Чтение онлайн

ЖАНРЫ

Шрифт:

— Эх, нашёл, себе… влюбился в статуетку. У ей же головка глиняная. А доверился бы ты мне, Андрюша… выбрал бы я тебе заволжскую королевну. Засмеётся — пар из подмышек идёт… понятно?

— Пар из подмышек не может итти. Этого не бывает, — разумно и жёстко возразил Дыбок, — если только ты не на русской печке хочешь меня женить.

С той поры экипаж примирился на мысли, что если бы эта американская, сливочно-волшебная штучка узнала про выбор русского танкиста, про высокую честь находиться в советской тридцать-четвёрке, пела бы втрое лучше свои песенки и человечной тревогой наполнились бы её праздничные глаза, беспечальные её ночи.
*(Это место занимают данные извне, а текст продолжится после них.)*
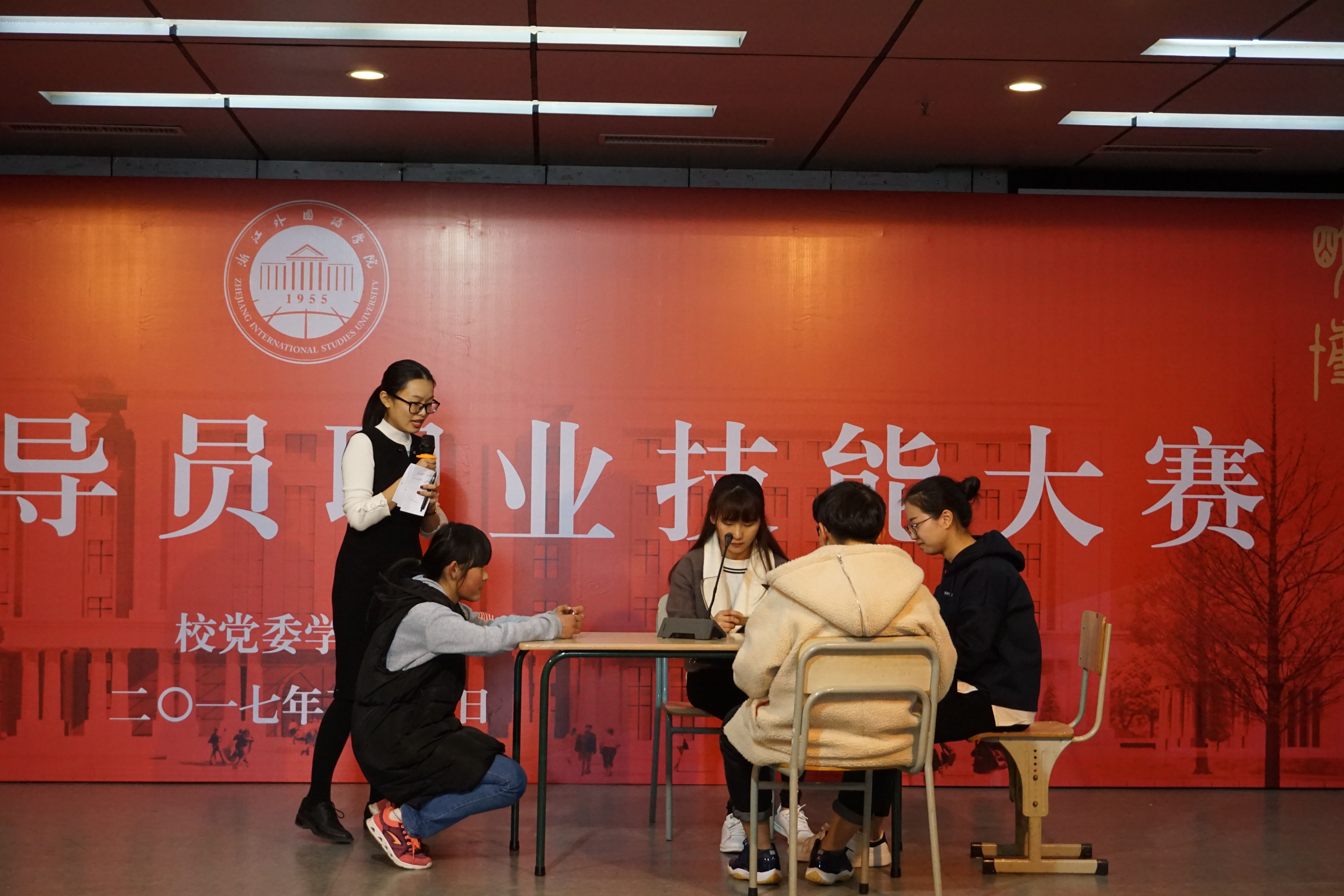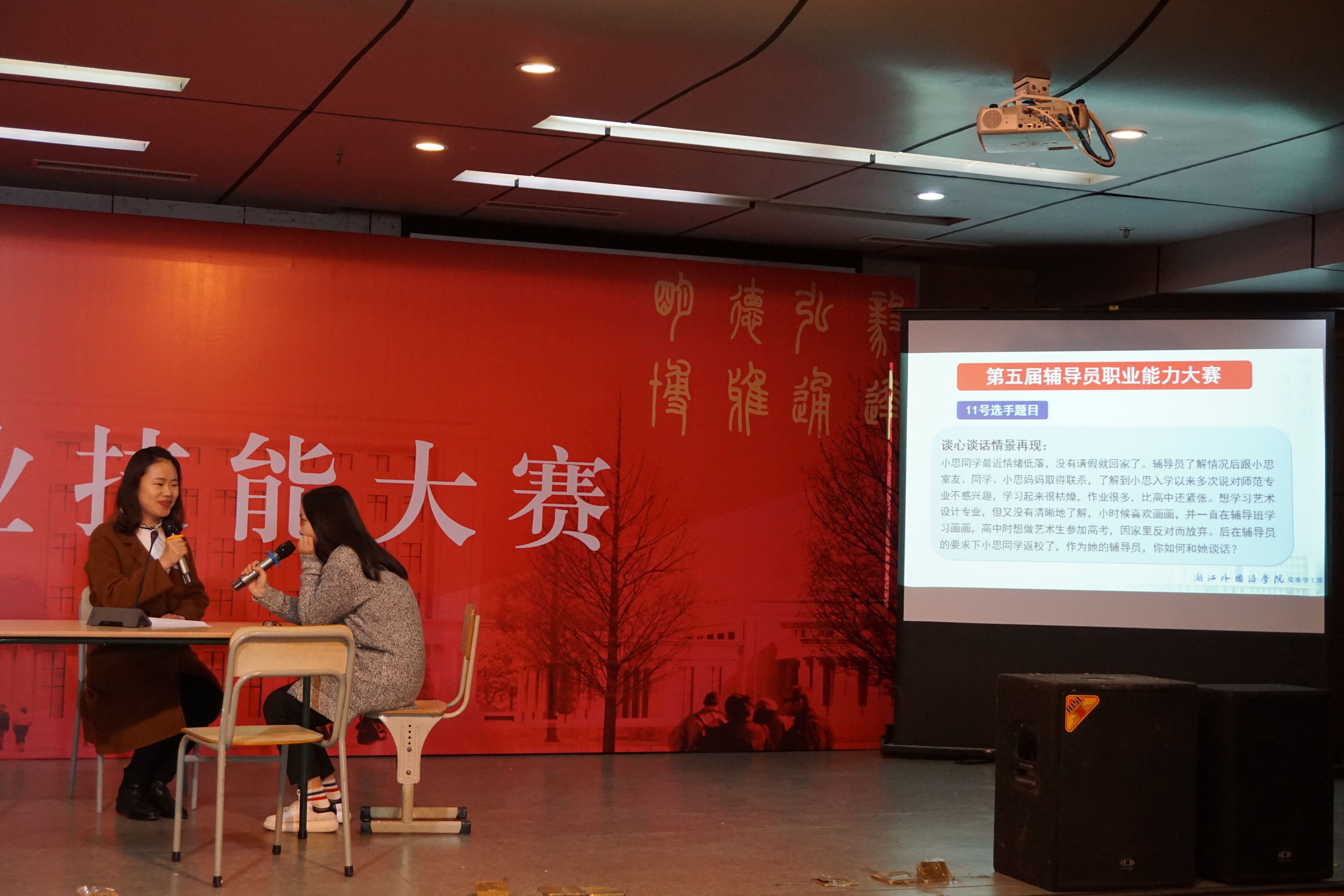 此次大赛邀请了省教育厅、浙江工业大学、浙江科技学院等单位专家担任校外评委,组织部、宣传部、团委等部门相关负责人担任校内评委,学工线全体人员观摩了比赛。

С гибелью друга стала ещё заметней замкнутость Дыбка. Все считали его старше двадцати шести лет. Врага он разил попрежнему и как-то очень спокойно, но не по равнодушию, невозможному при его горячности, а потому, что это умножало меткость его руки. За полгода дружбы Галышёв выцедил, однако, из Дыбка, что побывал он и столяром и слесарем-инструментальщиком, причём добился шестого разряда; пробуя силы в сельском хозяйстве, скосил однажды двумя комбайнами сто два гектара и, наконец, в качестве мозаичника выложил знаменитый пол на консервном заводе у себя в Крымской: только в валенках по нему и ходить

из опасения попортить или оскользнуться. Семьи у него не было, он не торопился, он пока только примеривался к жизни, и все почтительно понимали, что этот аккуратный, всегда такой чистый и как бы со стиснутыми зубами человек успеет совершить на своём веку всё ему положенное, отомстить за мёртвых, запомниться живым, размножиться в потомстве, да ещё останется время подвести итоги.

— Орёл, казацких кровей… я таких знавал, — говаривал Обрядин при Дыбке. — Вижу тебя, как ты в Кремль по ковровой лестнице поднимаешься. Я к тебе тогда в гости приду, Андрюша… и пусть твоя дочка мне сто грамм на серебряном подносе вынесет. Не прогонишь?

— Приходи, — совсем серьёзно отвечал Дыбок.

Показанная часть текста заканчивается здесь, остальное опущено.